EU Referendum


EU Referendum: treaty fraud


22/02/2016




One is acutely conscious that all electoral fraud, in its many guises, is a criminal offence. But if there is to be any equality of arms, perhaps we might consider a criminal sanction for politicians who commit what might be called "treaty fraud", inventing non-existent treaties for the sole purpose of rigging the EU referendum.

Going back a little way on this, we see in Spiegel online of August 2012 a report that the German Federal government were making plans for a new EU treaty, with an expectation that a date for the start of a treaty convention would be fixed at the European Council in December.

It was undoubtedly that, or reports like it that led David Cameron in his Bloomberg speech of 23 January 2013 to predict that, "at some stage in the next few years the EU will need to agree on treaty change".

This was widely expected and considered essential to introduce the changes needed, in Mr Cameron's words, "for the long term future of the euro". The then coalition leader was looking for "reform" and believed the best way to do this was in a new Treaty. And so he added his voice to those who were already calling for this.

As history records, that treaty did not materialise, which we noted in our recent piece, and it was the absence of any sign of a treaty on the stocks that led us to surmise that Cameron could be tempted to cut and run, going for an early referendum.

What dissuaded me from believing that Mr Cameron would be so rash was the slenderness of his supposed reforms, leaving him with a hand so weak that it was scarcely credible he could win the referendum with it.

What I hadn't taken into account were two things. The first was that Mr Cameron, having finally realised that there was no treaty in the offing, would invent one. The second was that anyone would believe him if he did.

The man is certainly playing a good game. Yesterday he was confronted by Andrew Marr telling him that his "getting out of ever closer union" depended "on a treaty of undefined scope of undefined time, with new leaders we don't even know about". So, said Andrew Marr, "it's taken on trust".

Mr Cameron was having none of it, informing his interviewer that "what was agreed by 28 prime ministers and presidents, every EU country on Friday evening, that is itself an international law decision, a treaty that will be deposited at the UN. It is legally binding, it is irreversible".

That, oddly enough, proves our point. Mr Cameron did not say that this was an EU treaty. It cannot be. The European Council does not have any authority to make treaties – and there is nothing in the treaties that in any way empowers the Council to make decisions of a nature that exclude a member state from treaty provisions.

We have then an "international law decision", made by the heads of state and governments of the 28 member states, which Mr Cameron says is a treaty. But then we have the European Council conclusions themselves tell us that, as regards this fabled "getting out of ever closer union", the substance of the "international law decision" will be "incorporated into the Treaties at the time of their next revision".

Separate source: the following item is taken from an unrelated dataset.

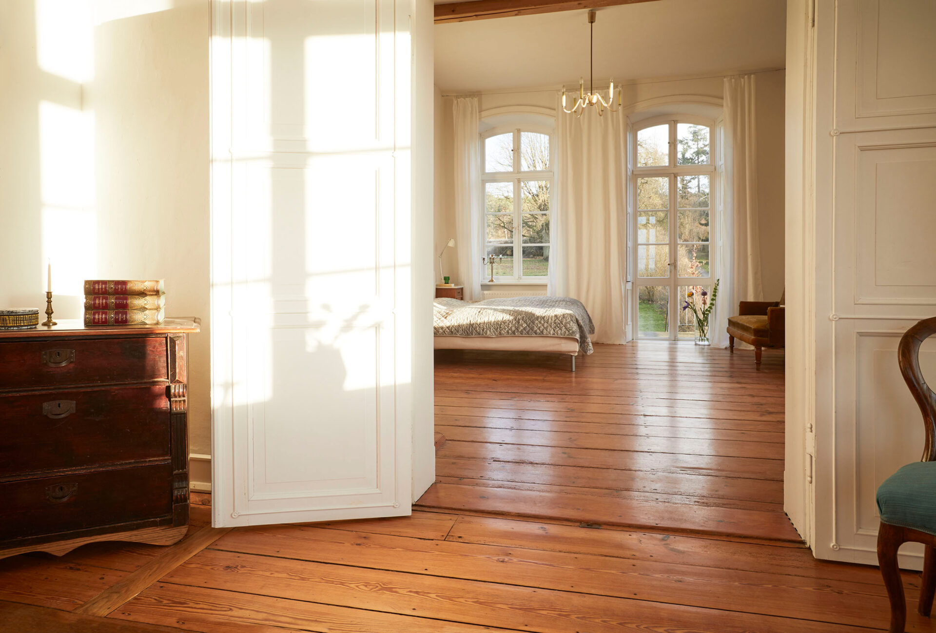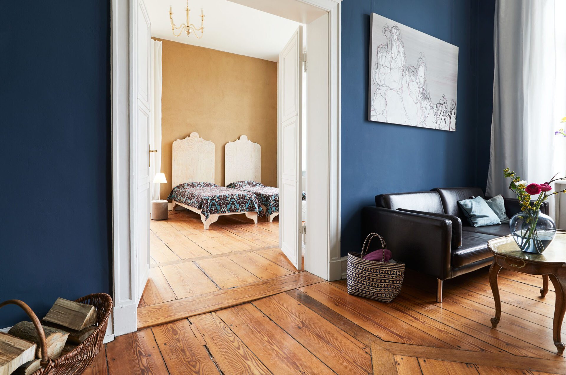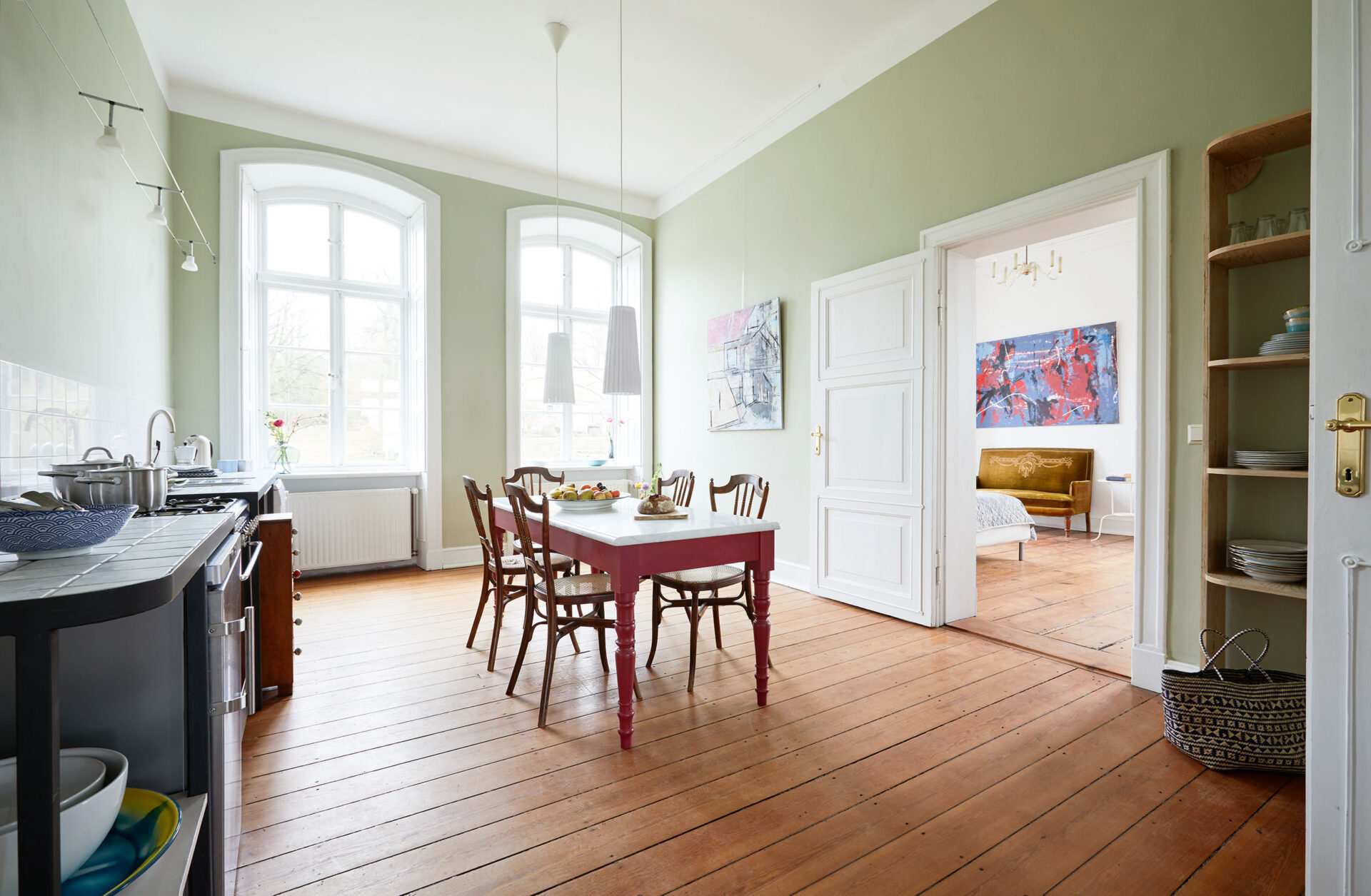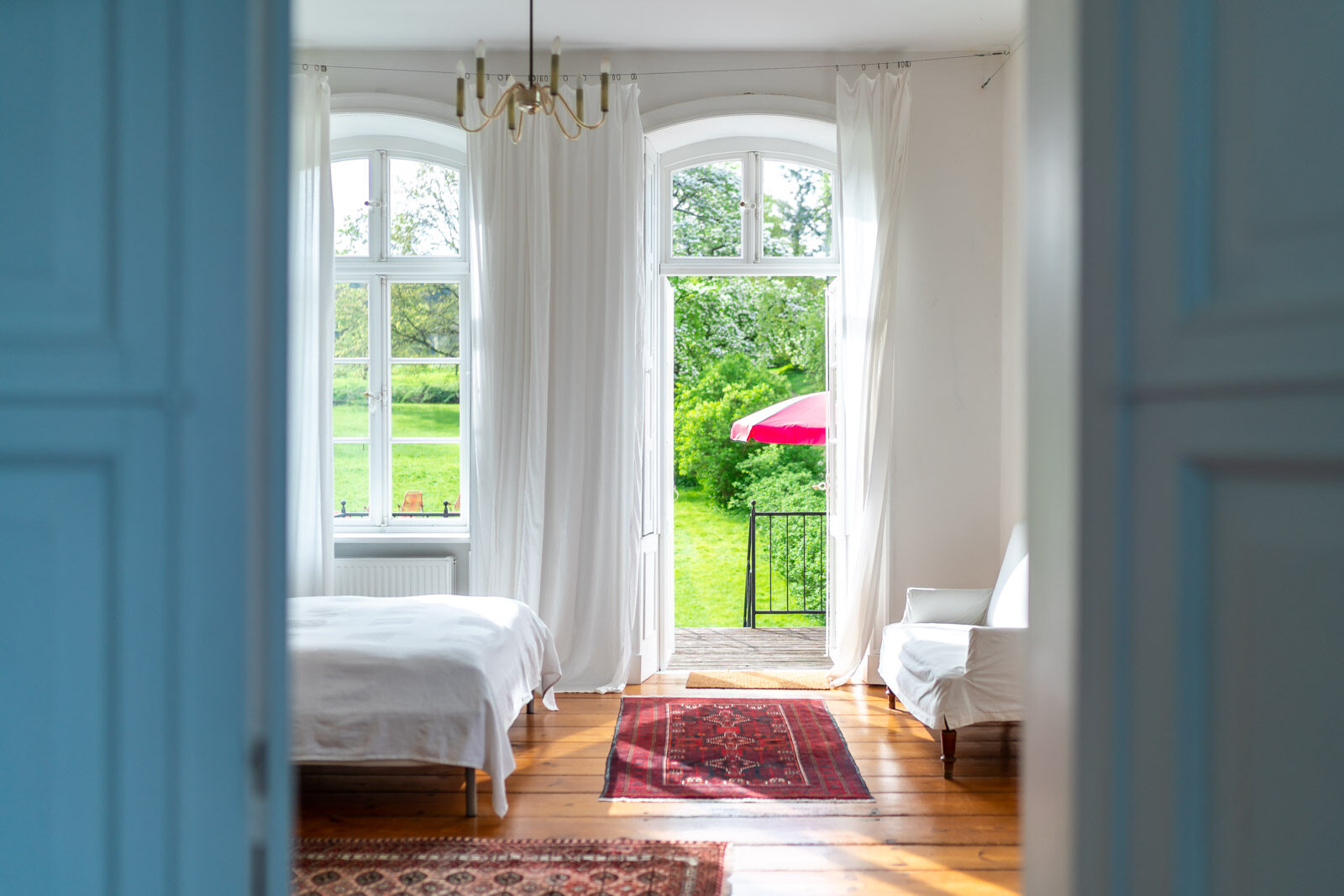 Malwida is a bright and sunny apartment in the “bel étage”. This 130 m² apartment is very spacious and stately. It consists of three approx. 30 m² large rooms which are connected by double doors. There is a chimney stove In the living room. The apartment has a well-equipped kitchen with dining table, gas stove, dishwasher and a bathroom with a large window. The 10.000 m² large manor house garden is directly accessible via a terrace.
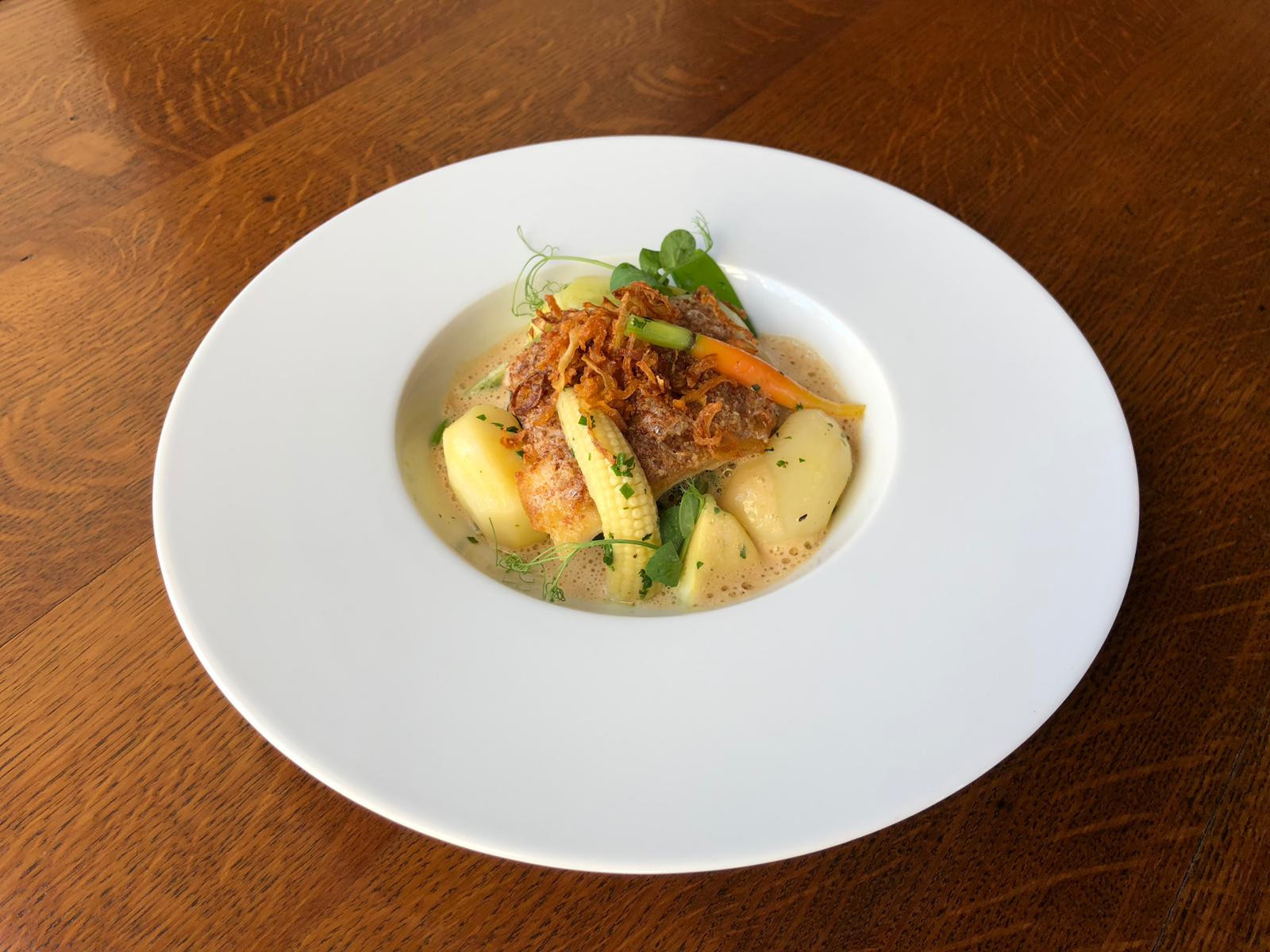 Zanderfilet mit Zwiebelkruste, jungem Spinat und Rieslingsauce: Ein Rezept von 15 Punkte-Chefkoch Thierry Fischer.

As regards this "international law decision", therefore, it can have no effect (in relation to ever closer union and other matters) until that is incorporated into the EU treaties. That much is evident from no less than French President François Hollande who says of the "decision" that it creates "no deviation from the European rules".

The UK might have "a special place in Europe, as it always had" but there was to be "no exception to the rules of the single market".

As far as Mr Hollande was concerned, though, the concessions made to Cameron did not even require changes to existing EU treaties, but could be included in them "when there is a treaty revision procedure one day". However, he went on to say that there were "no revision of the treaties planned".

This low-key assessment seems rather at odds with Mr Cameron's dramatisation of events, which takes a further knock from the Independent on Sunday which "can reveal" that Angela Merkel has warned David Cameron that his pledge to change the EU treaties to lock in his reforms may never happen.

This apparently comes from a "leaked diplomatic report" that has Merkel telling the "colleagues" on the European Council not to be overly concerned about Mr Cameron's demand for treaty changes because "on the question of amending the Treaties, we do not know if we ever will have a change of them".

Thus, as it stands, not only does Mr Cameron not have a treaty, with the French president believing that there has been nothing sufficiently substantial as to require a treaty, there is no likelihood of an EU treaty in the foreseeable future, which will give his "deal" any greater credibility.

For Mr Cameron to present it as he is doing – a non-treaty that is going nowhere – can only amount to that most heinous of crimes. This is treaty fraud.

Unfortunately, the criminal law hasn't caught up with him yet. So it is no wonder that the Prime Minister wants to rush the referendum through as fast as he can. By this means, he must hope that no one will notice until it is too late that all he has on offer is a phantom renegotiation and a pretend treaty.